Foibe, da Gobetti insulti sessisti alla Meloni. La leader di FdI: «È questo lo “storico” imparziale?»

martedì 16 Febbraio 13:25 - di Valeria Gelsi
gobetti meloni

Dopo giorni di legittime denunce per gli insulti volgari e le odiose minacce ricevuti sui social, si scopre che Eric Gobetti, l’autore del libretto negazionista E allora le Foibe?, è uno che a sua volta non s’è fatto mancare commenti da hater, con l’aggravante sessista. Oggetto dei suoi di insulti, manco a dirlo, Giorgia Meloni, appellata in un modo che pone lo scrittore in buona posizione tra gli odiatori più volgari.

Gobetti hater della Meloni

A scoprire lo scheletro nell’armadio social dello “storico” è stato FdI, con una locandina poi ripresa dalla stessa leader del partito. Meloni, però, ha superato l’aspetto personale della vicenda per soffermarsi su quello politico e di rispetto delle vittime delle foibe, finite al centro dell’operazione negazionista di Gobetti. Operazione a sua volta insultante, tanto nella misura in cui cerca di ridimensionare quella tragedia quanto nella stessa scelta di quel titolo che echeggia a uno sketch satirico.

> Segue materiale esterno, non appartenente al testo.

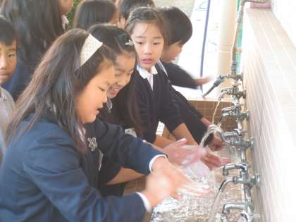 休み時間が終わり、子どもたちは手洗い場に集まります。少し時間はかかりますが「手洗い」「うがい」をしっかりのとやろうとしています。この習慣を続けてほしいです。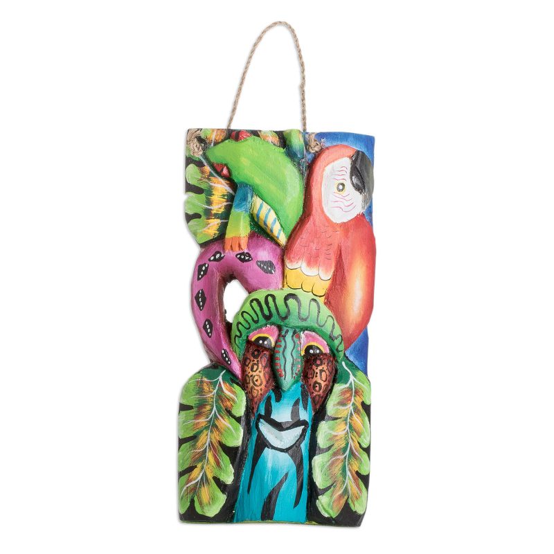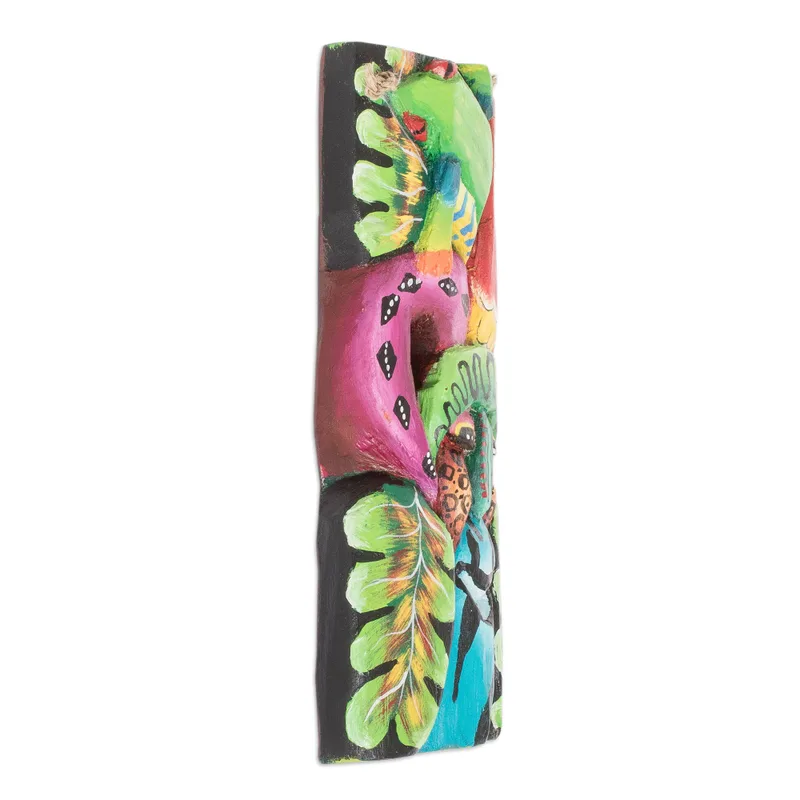 Backed by our 100% Happiness GuaranteeArtisans of the Caronco Maleku Association work with balsa wood to create a hand-painted mask inspired by the fauna of Costa Rica. Colorful tones embellish each detail, enhancing the frog and macaw figures in the artwork, both honoring the region's natural wealth.

Meloni: «Sarebbe questo lo “storico” imparziale?»

«Questo sarebbe “l’imparziale” storico che la sinistra tanto osanna e che porta in giro per l’Italia per spiegare – e sminuire – il dramma delle foibe? Un fine intellettuale assolutamente non di parte, non c’è che dire…», ha scritto Meloni, postando la foto di Gobetti che indossa orgoglioso e sorridente il fazzoletto rosso al collo e la maglietta con la faccia del boia delle foibe Tito. La foto era nota. Ciò che invece non era noto è un commento Facebook dell’autore di E allora le foibe?, che contribuisce a delinearne le attitudini. «Anche la zocc… la Meloni?», è il testo del post, sovrapposto alla foto in “divisa” militante. «La sinistra non ha nulla da dire?», chiede quindi la locandina di FdI.

La pessima figura di Gobetti sulla Meloni (e non solo)

Per ora la sinistra tace, e con essa anche lo stesso diretto interessato. Eppure a chiedergliene conto iniziano a essere in molti. Diversi utenti, infatti, hanno rilanciato il commento sul profilo Facebook di Gobetti, in alcuni casi – va ammesso – con i deprecabili eccessi tipici di certe situazioni social. Detto ciò, resta il fatto che dopo giorni passati a lamentarsi degli attacchi ricevuti, stigmatizzandone il connotato personale («È significativo che questi attacchi siano rivolti a me (e ai miei figli) e non al mio lavoro», ha scritto), la figuraccia di Gobetti – che assomma sessismo, faziosità e i deteriori comportamenti social – è davvero pessima. Al pari del negazionismo che trasudano i suoi “studi”.